The State Department of Water Resources (DWR) and the State Water Resources Control Board (State Water Board) are the state agencies in charge of ensuring that SGMA is implemented. The State Water Board will take over groundwater management in medium or high priority basins if local agencies are unable or unwilling to implement SGMA.
A groundwater basin is an area underlain by permeable materials (e.g., sand) that is capable of storing and providing a significant supply of groundwater to wells. DWR has ranked 127 basins throughout the state as medium or high priority and, thus, subject to SGMA.

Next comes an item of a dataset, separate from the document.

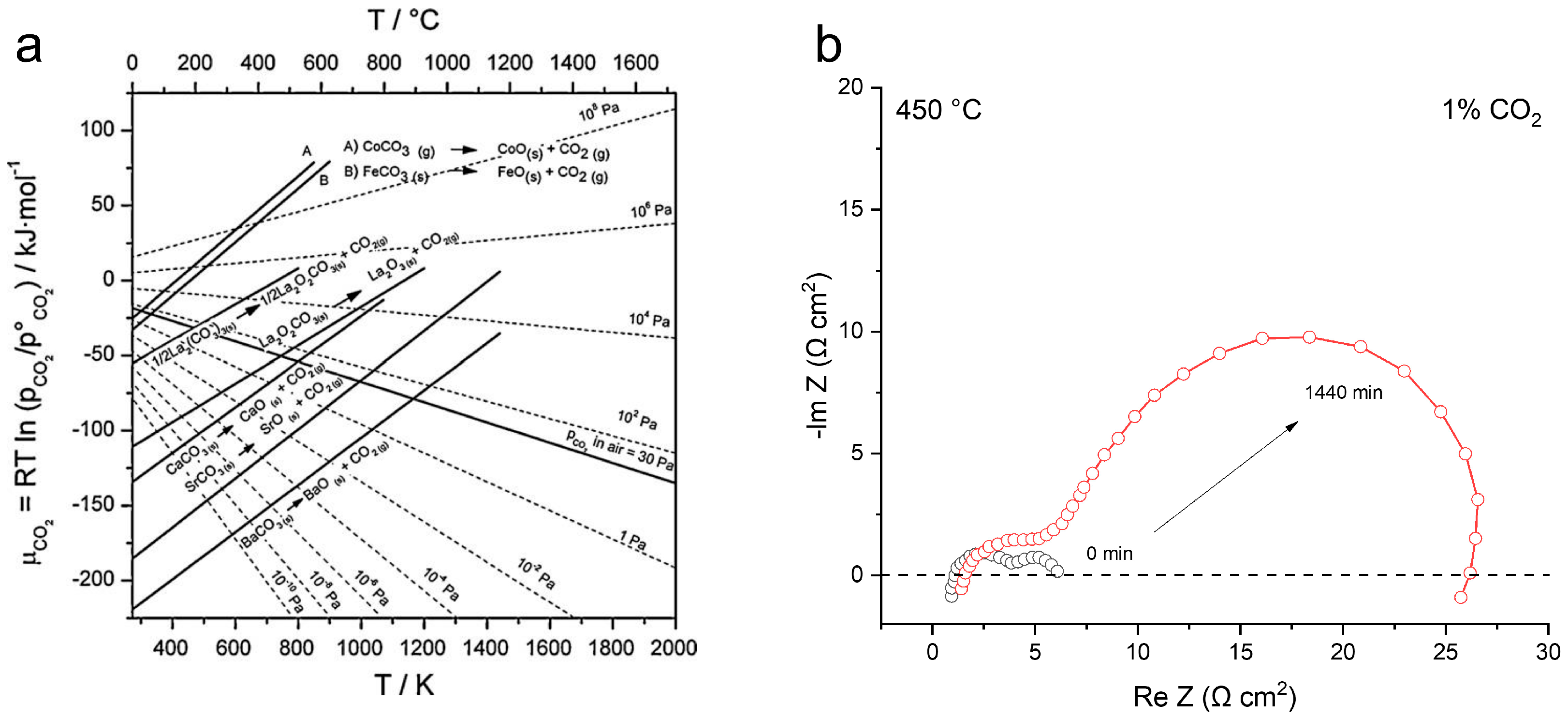 | Material | Temperature (°C) | CO2 (vol%) | Time (h) | Impedance: Start to End |

Simply put, sustainable groundwater management means managing our water supply, while balancing the needs of our economy, environment and health and safety. Specifically, SGMA defines “sustainable groundwater management” as “…the management and use of groundwater in a manner that can be maintained during the planning and implementation horizon without causing undesirable results.” Undesirable results are defined as any of the following:
- Chronic lowering of Groundwater levels
- Significant and unreasonable reduction in Groundwater Storage
- Significant and unreasonable degradation of water quality
- Land subsidence due to collapsing of aquifer pore space
- Surface water depletions that have significant and unreasonable impacts on beneficial uses
- Seawater Intrusion
Groundwater is an essential part of the local water supply portfolio, and a critical part of drought and emergency response. Prudent groundwater management will provide a safeguard against prolonged drought and climate change and contribute to a reliable source of water supplies for future generations. Lack of proactive management could result in failure of public and/or private water wells, and jeopardize supply.
The primary purpose of a GSA under SGMA is to develop and implement a Groundwater Sustainability Plan (GSP) to achieve long-term groundwater sustainability. GSAs are empowered to utilize a number of new management tools to achieve the sustainability goal, such as: implement projects including those related to data collection to understand basin characteristics and community needs, register and meter groundwater wells, mitigate against overdrafts, implement rules and regulations, and assess fees to support creation and implementation of a GSP.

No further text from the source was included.